Dans son dernier ouvrage, la Casablancaise Anne Bragance s’attaque à un sujet délicat. Bouleversant et convaincant.

Publié le 24 novembre 2003 Lecture : 2 minutes.

Giulietta Padovani est une romancière célèbre qui a autant de talent pour l’écriture que pour la vie. C’est peu dire qu’elle la croque à pleines dents : elle la dévore à pleines bouchées, comme il sied à la Napolitaine flamboyante qu’elle est. Elle use des hommes comme d’autant de compagnons d’une nuit ou d’une semaine – ce qui lui importe, c’est sa progéniture : sept enfants issus de trois lits différents, comme disent les tabellions. Ce n’est plus une famille, c’est une tribu, dont les membres sont soudés dans l’adoration qu’ils portent à leur mère, de Julius l’aîné, produit des amours de Giulietta avec un GI de passage – il deviendra son premier mari -, à Loretta, la petite dernière, fille d’un Italien de Rome dont on ne sait trop ce qu’il est devenu.
Mais voilà : l’âge est venu et Giuletta ressent les premières atteintes du mal qui finira par la transformer en pâle fantôme de ce qu’elle fut. Ce sont des oublis bénins, un chapeau qu’elle cherche alors qu’elle l’a sur la tête, l’interruption d’un geste de la vie courante – la voici debout, perplexe, devant la penderie, ne sachant plus pourquoi elle l’a ouverte. Devant le naufrage qui menace, elle réagit avec panache. Elle annonce qu’elle met en vente ses souvenirs. Littéralement : il faudra désormais payer pour papoter avec elle de telle ou telle chose qui lui advint jadis. Cette lubie ne dure qu’un temps, bientôt elle ne reconnaîtra plus ses enfants, qui se relaient à son chevet. Elle leur donne du « Monsieur » ou du « Madame », à leur grand désarroi. Dans un jardin calciné par l’été torride, elle voit de la neige. Pas question pour autant de confier à des étrangers cette mère adorée. Elle restera dans la Villa, la superbe résidence qu’elle s’est fait construire du côté de Portofino.

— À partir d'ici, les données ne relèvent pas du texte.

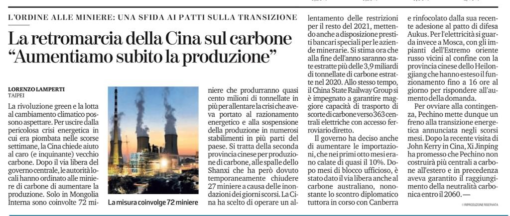 Leggi anche In Cina transizione climatica a rischio già da maggio 2021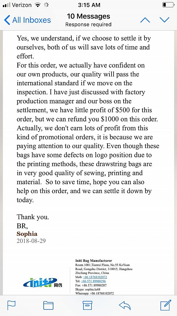 This company is a scam! Do not do business with this company! I ordered 10.000 bags all defective as the printing was off center. They admit to the bags being screwed up and leave you stuck with the product.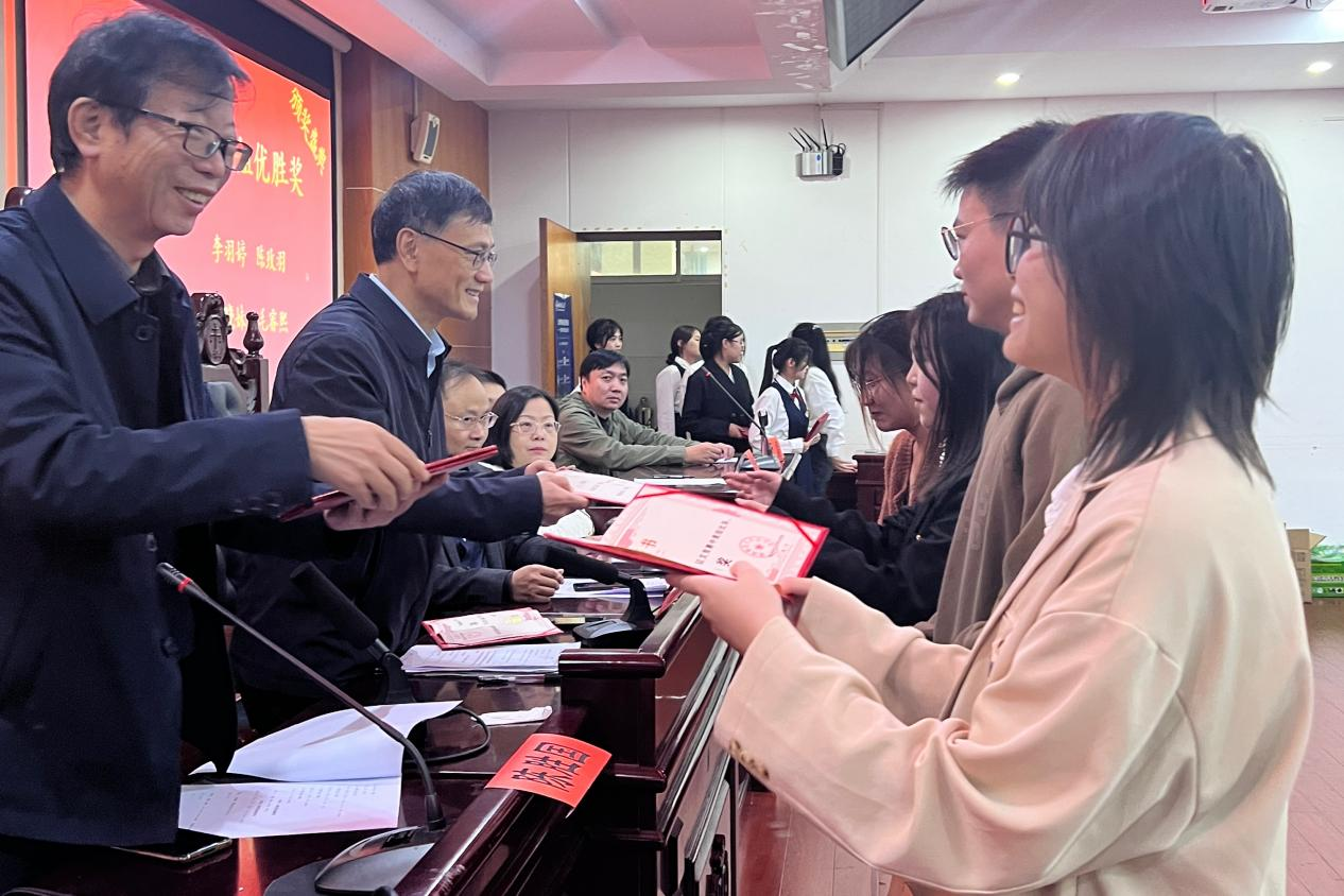 周刚志、何燕华先后宣读了研究生组获奖名单及编辑编务奖,并简要介绍了获奖人员的作品主题。唐建文为获奖的同学颁奖并表示祝贺。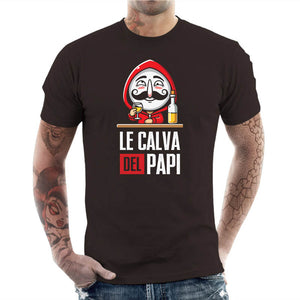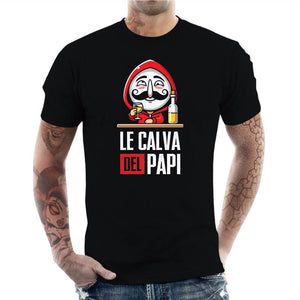 Le t-shirt "Calva del Papi" détourne avec humour l’univers sérieux de La Casa de Papel. L'illustration met en scène un personnage vêtu de la célèbre combinaison rouge et portant le fameux masque… mais cette fois, un verre de calvados à la main ! Son regard égaré et l’effet visible de l’alcool cassent totalement l'image du braqueur professionnel. Ce design parodique, drôle et bien pensé, plaira autant aux amateurs de Casa de Papel qu'aux fans de second degré. Parfait pour afficher votre goût pour les détournements et l’humour (très légèrement) alcoolisé !

Adoration de la mère, avons-nous dit… Mais est-ce si sûr ? Voilà qu’au fil des pages une autre réalité se fait jour peu à peu. Au fond, ne préfère-t-elle pas ses personnages, dont elle se souvient, à ses enfants, qu’elle oublie ? Et si Julius a divorcé, n’est-ce-pas à cause de sa mère ? Si Elsa s’est mise à boire, si Antoine a des problèmes d’argent, n’y est-elle pas aussi pour quelque chose ? Si Loretta ne veut rien savoir du journal de sa mère (découvert par hasard par son frère), est-ce parce qu’elle craint la confirmation d’un soupçon terrible, que sa propre mère aurait été autrefois sa rivale dans le coeur et dans le lit de son mari ? La belle image se ternit en même temps que Giulietta s’estompe… Il y a des mères admirables qu’on est bien content de n’avoir pas eues.
Anne Bragance a le don de la phrase élégante et du mot juste. Ni scorie ni approximation dans ce texte qui nous fait entrer au plus intime des pensées des uns et des autres. Le monologue intérieur de Giulietta est à la fois bouleversant et convaincant. Chemin faisant, l’auteur ajoute un tome de plus à une oeuvre dont on se demande pourquoi les jurés des grands prix littéraires ne l’ont pas encore distinguée.